Accountability: How do you keep track of what your colleagues are doing when you can’t see them? Define goals clearly and then have the remote team decide on the path to reach that goal. Rather than dictating each specific task, provide them a vision to work on. Let them hold each other accountable, and ask them to assign themselves daily goals and provide weekly reports. This level of responsibility helps remote workers learn on the job and stay motivated. To track progress, use project management tools like Asana, Basecamp or JIRA.

Importantly, don’t mention that a task needs to get done to a team of four people without holding one person accountable for ensuring that a task is complete by a specific deadline. Remember, to properly execute on task management, you need:

  1. A task management tool
  2. One person held accountable to complete a project
  3. A deadline
  4. Clear guidelines as to what the project entails.

Communication: Take time every week to have a candid conversation with remote employees. Make sure you include personal questions to get a sense of the employees’ interests and, if they’re in a different country, their culture.

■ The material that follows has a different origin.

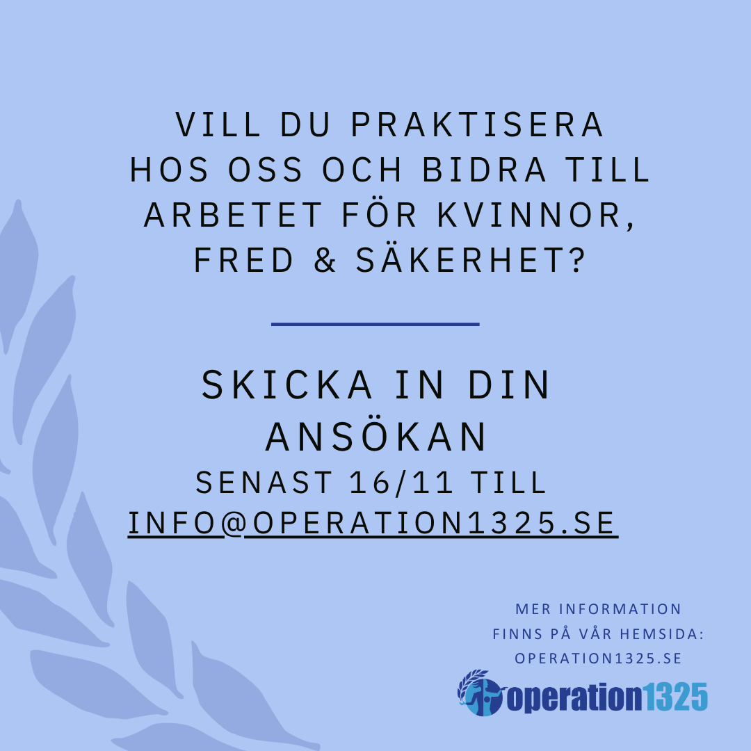 Operation 1325 söker en praktikant för våren 2026 Plats: Södermalm, Stockholm Praktikperiod: VT2026. Ca 20 veckor. Arbetstid: ~ 09.00-17.00 mån-fre. Kvälls- & helgarbete kan förekomma Möjlighet till distansarbete: Kansliet arbetar hemifrån ca två dagar...

Consider using an instant messaging tool for your team such as HipChat, IRC, Google Hangouts, or Skype. This way, people can easily reach out to everyone else in the firm regardless of location. Ideally, try to have all remote employees organize their hours such that each person has a 2-hour overlap in working hours with at least one other teammate. When you have remote teams that cross many time zones, this can become difficult, but it is critical.

Try to also have multiple calls a week (sometimes daily) to go over any challenges the team is facing. We like to use video calls, as it helps build a relationship and the visual cues allow for clearer communication. Whichever means you choose to communicate with your virtual employees, make sure you communicate regularly, openly and clearly.

Trust: Remote workers often miss the feeling of company culture, so management must make an extra effort to cultivate trust and involve remote team members.

There are many ways to do this. You can create inspiring videos that speak about company culture, like this one created by Zappos. You can involve remote employees in company events — small or big — and share the company’s future vision with them. At VenturePact, we communicate interesting startup stories at companywide events, which helps employees understand the values and vision of our startup, and at the same time feel part of the team. A common misconception is that remote or distributed teams never meet, but I recommend that teams meet once every quarter and the whole company, once a year. Since most people will travel, it is best to choose an amazing location with great weather to create a unique experience. These in-person interactions help build trust.

Another technique to build trust is professional and personal check-ins, a strategy Keith Ferrazzi mentions in his article on remote work: “A personal/professional check-in at the beginning of meetings makes people feel part of a team. It’s probably the easiest way to overcome the isolation that can creep in when people don’t work together physically,” he says.

Finally, one best practice we find effective is to encourage personal sharing with the whole team through Yammer, an enterprise social network that creates a Facebook-like environment where everyone on the team can share pictures from the weekend, their travel plans and any interesting articles they are reading.

Above all, the key to a successful remote engagement is a great hiring and management process. As Jason Fried puts it in Remote: Office Not Required: “If you let them, humans have an amazing power to live up to your high expectations of reasonableness and responsibility.”